So this might be a slightly more controversial post, but I really enjoy leveraging spot instances with EKS and GKE to help reduce costs and to help just keep things a little tidier. Plus to me there is some built-in chaos testing when doing this.
Ultimately it helps to greatly control cost. The trade-off is that it will get recycled regularly but it helps to keep the costs of running a cluster lower than they would be otherwise. It is great for Dev, QA, and Staging environments that don’t necessarily need guaranteed uptime on their nodes.
According to the AWS documentation, the spot instances can save you up to 90% which can be a pretty significant chunk of savings for lower-level environments. GKE offers similar savings, but I didn’t find anything that said specifically how much.
Ultimately Netflix wrote a whole tool that operates as a Chaos Monkey and will randomly stop services. This provides almost a built-in way of doing it. It will cause pods to regularly have to reschedule and thus pull a fresh container. This means that it shows what happens when the service restarts and how easily it is able to resume what it was doing.
This does mean that if you only have a single replica then it will cause the entire service to go offline temporarily. This could be an even different test to help ensure that systems are up and working properly as intended.
Using this in Production
Ultimately i have done plenty of production deployments on spot instances without problems. If costs are a heavy concern then this can help to alleviate some of the concerns assuming that you do this wisely.
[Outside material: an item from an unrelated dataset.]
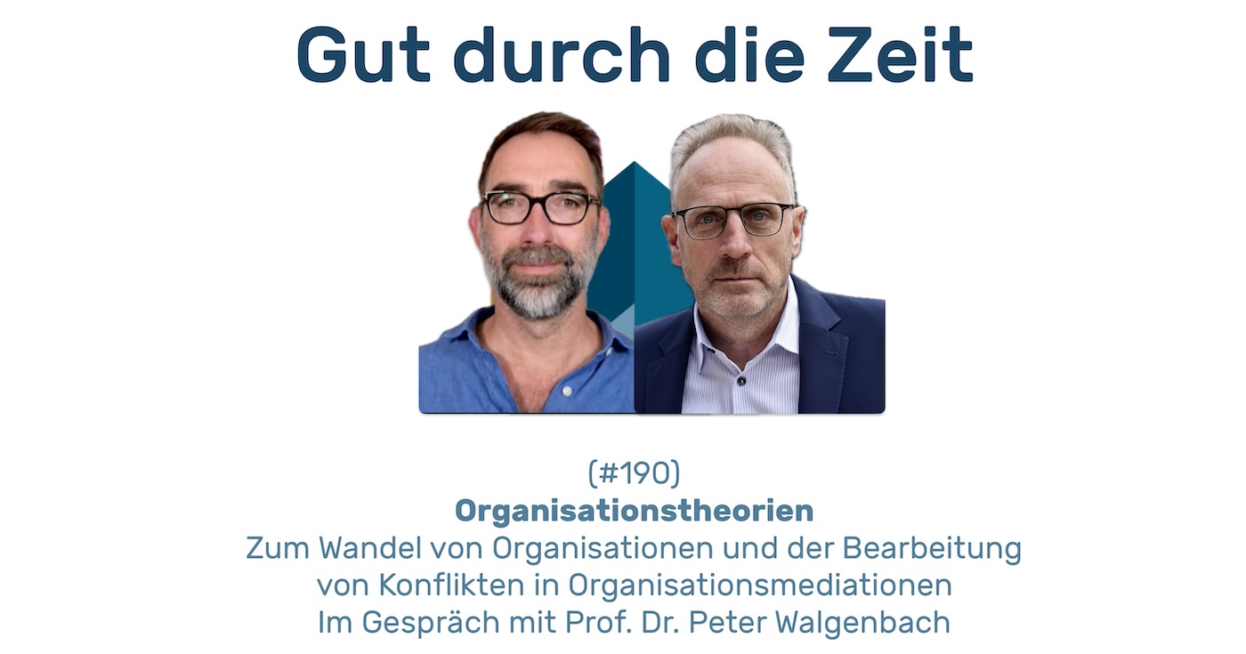 [28:45] Organisationen sind nur an Handlungen interessiert und nicht an den Individuen. Das ist das Pech der Individuen in der Organisation, dass die Organisation eigentlich nur ihre Handlungen will und alles andere irrelevant ist. Finde ich, ist ein prima Schlusswort. Herr Walgenbach, ich bedanke mich für das hochinteressante Gespräch. Danke, Herr Weigel. Hat mir Spaß gemacht. Gute Zeit für Sie. Guten Start ins neue Semester. Danke. Tschüss. Vielen Dank, dass du und ihr wieder mit dabei wart. Hier im Podcast Gut durch die Zeit, der Podcast rund um Mediation, Konfliktcoaching und Organisationsberatung. Wenn dir die Episode gefallen hat und der Inhalt generell zuspricht, dann abonniere doch diesen Podcast und hinterlasse ein Feedback oder eine Sternebewertung auf Apple Podcast oder Google Business. Das hilft auch Personen, die den Podcast noch nicht kennen, ihn aufzufinden und sich dann anzuhören. Bis zum nächsten Mal. Komm gut durch die Zeit. Ich bin Sascha Weigel, dein Host von INKOVEMA, dem Institut für Konflikt- und Verhandlungsmanagement in Leipzig und Partner für professionelle Mediations- und Coachingausbildungen.

The biggest thing is to ensure that you have some replication. Doing this means that you should never be below 2 replicas of an application. From here the simple solution is just to always ensure that they are scheduled on different hosts:
affinity: podAntiAffinity: requiredDuringSchedulingIgnoredDuringExecution: - labelSelector: matchExpressions: - key: app operator: In values: - app-name topologyKey: "kubernetes.io/hostname"
This ensures that they are always scheduled on different nodes and helps to ensure that they are less likely to both be taken down. GKE offers a little bit more in their docs in even being able to choose to schedule something on a spot instance or not:
affinity: nodeAffinity: requiredDuringSchedulingIgnoredDuringExecution: nodeSelectorTerms: - matchExpressions: - key: cloud.google.com/gke-spot operator: In values: - "true"
Overall I will always recommend this for Dev and QA environments. It can help keep the costs low and can help to ensure that the environment more closely matches higher levels. Doing this in production is a scary thought honestly. It could be tough and it could cause a lot of issues if you aren’t careful. However this is a way to help keep costs low and leverage something that still provides you with the same great Kubernetes service that you need.